Activity:
Give again, word for word, the line holding "La munte,vremea se" and every line after it through the end of the data below. Omit pictures.

Raw data:
================
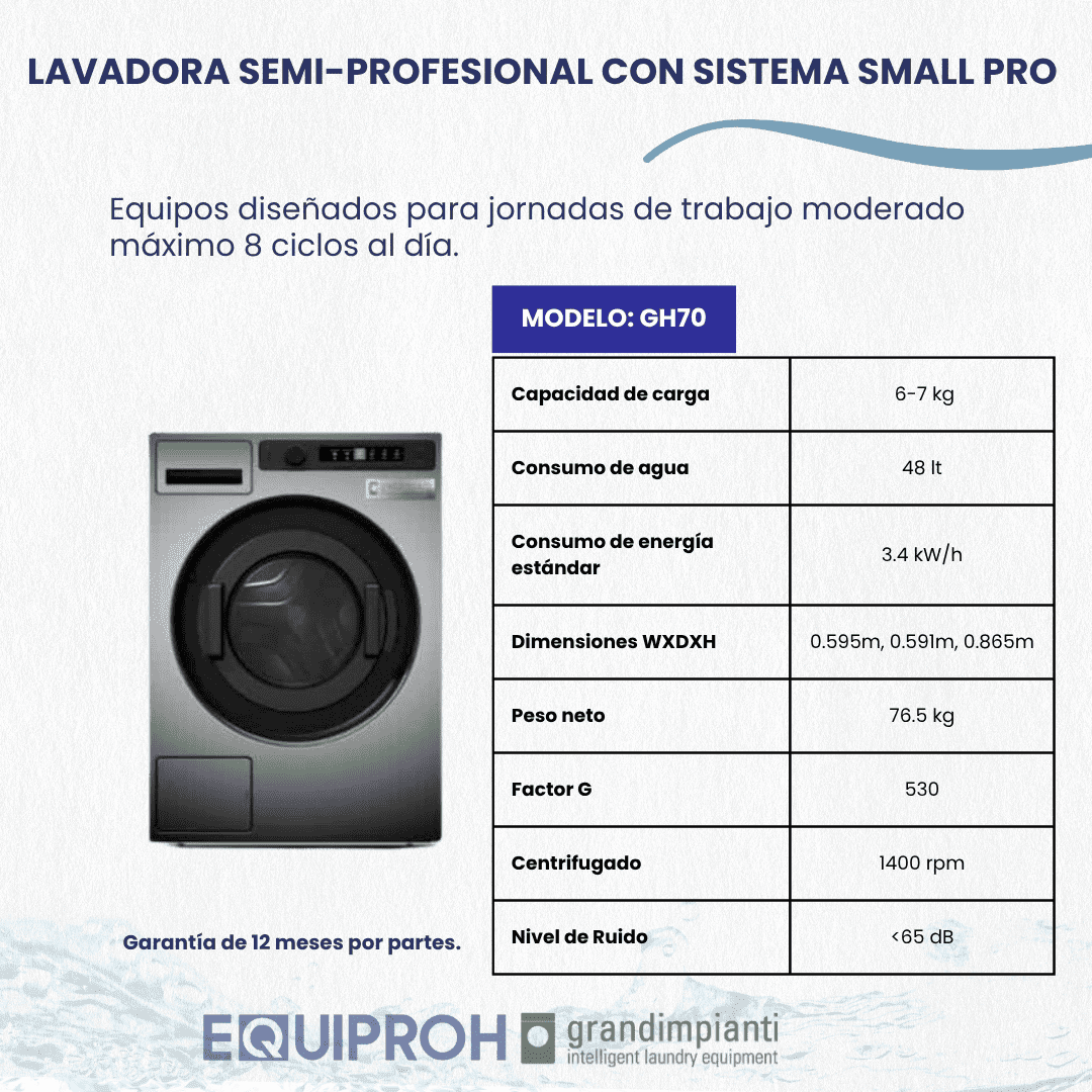 Lavadora profesional de alta velocidad, ideal para baja capacidad de lavado. Tanque y tambor construido en acero inoxidable. *Reducción del 30% del tiempo de lavado y costes de funcionamiento. *10 programas disponibles para lavado *3 programas disponibles para personalización. *Capacidad: 6-7Kg *Consumo eléctrico: 3.4Kw *Consumo de agua: 48lt *Centrifugado : 1400 rpm *Dimensiones LxDxH: 595x591x865mm *Peso neto: 79.7Kg
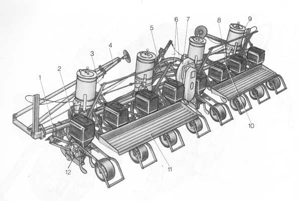 1 - рама, 2 - колесо, 3- кронштейн, 4 - маркер, 5 - замок, 6 - воздуховоды, 7-вентилятор, 8- тукопровод, 9 - аппарат туковысевающий, 10 - чистик, 11 - подножка, 12 - секция
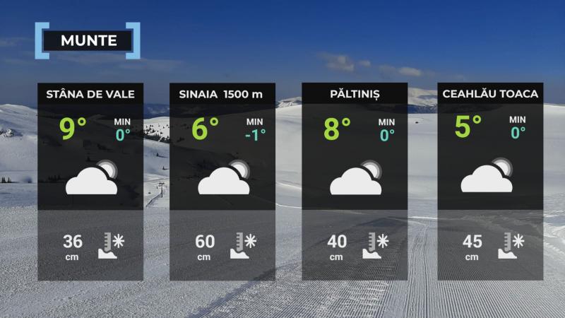 La munte,vremea se menţine în general frumoasă, cu temperaturi peste normalul perioadei. Cerul va fi variabil, cu înnorări temporare în zona Carpaţilor Meridionali şi a Carpaţilor de Curbură, însă sunt posibile ploi slabe izolat. Vântul va sufla slab şi moderat, însă în zona Carpaţilor Meridionali şi de Curbură vor fi intensificări, cu rafale care pot atinge 55-65 km/h.
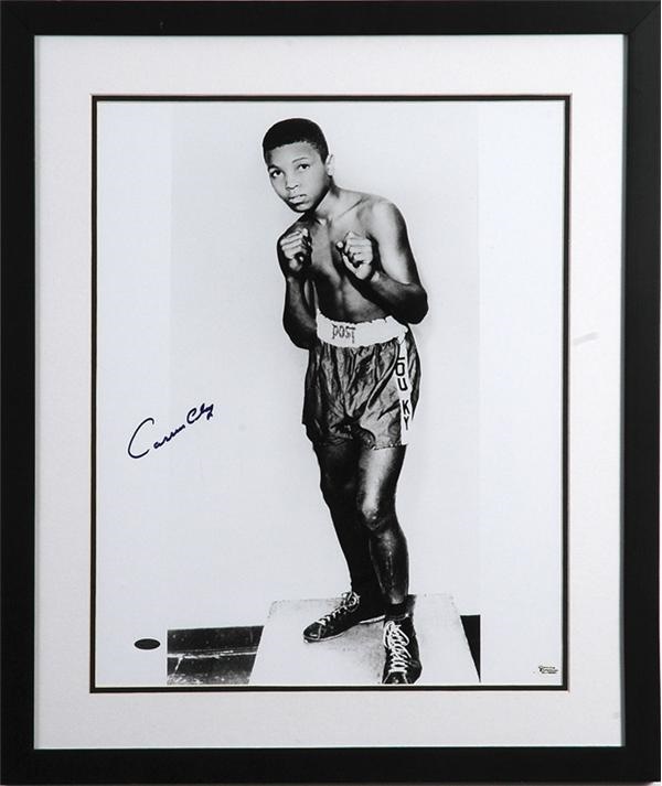 Charming and endearing 16x20" photo, captures The Greatest as a boy, fists up and stance set, Ali signs in an amazing 9/10 blue Sharpie, “Cassius Clay.” Sharply doubly-matted in black and white, and with black frame measuring 22x26", this is a special image, magisterial as well as understated, from the innocence in his eyes down to his seemingly over-sized shoes. Includes LOA.
================
Your response:
 La munte,vremea se menţine în general frumoasă, cu temperaturi peste normalul perioadei. Cerul va fi variabil, cu înnorări temporare în zona Carpaţilor Meridionali şi a Carpaţilor de Curbură, însă sunt posibile ploi slabe izolat. Vântul va sufla slab şi moderat, însă în zona Carpaţilor Meridionali şi de Curbură vor fi intensificări, cu rafale care pot atinge 55-65 km/h.
 Charming and endearing 16x20" photo, captures The Greatest as a boy, fists up and stance set, Ali signs in an amazing 9/10 blue Sharpie, “Cassius Clay.” Sharply doubly-matted in black and white, and with black frame measuring 22x26", this is a special image, magisterial as well as understated, from the innocence in his eyes down to his seemingly over-sized shoes. Includes LOA.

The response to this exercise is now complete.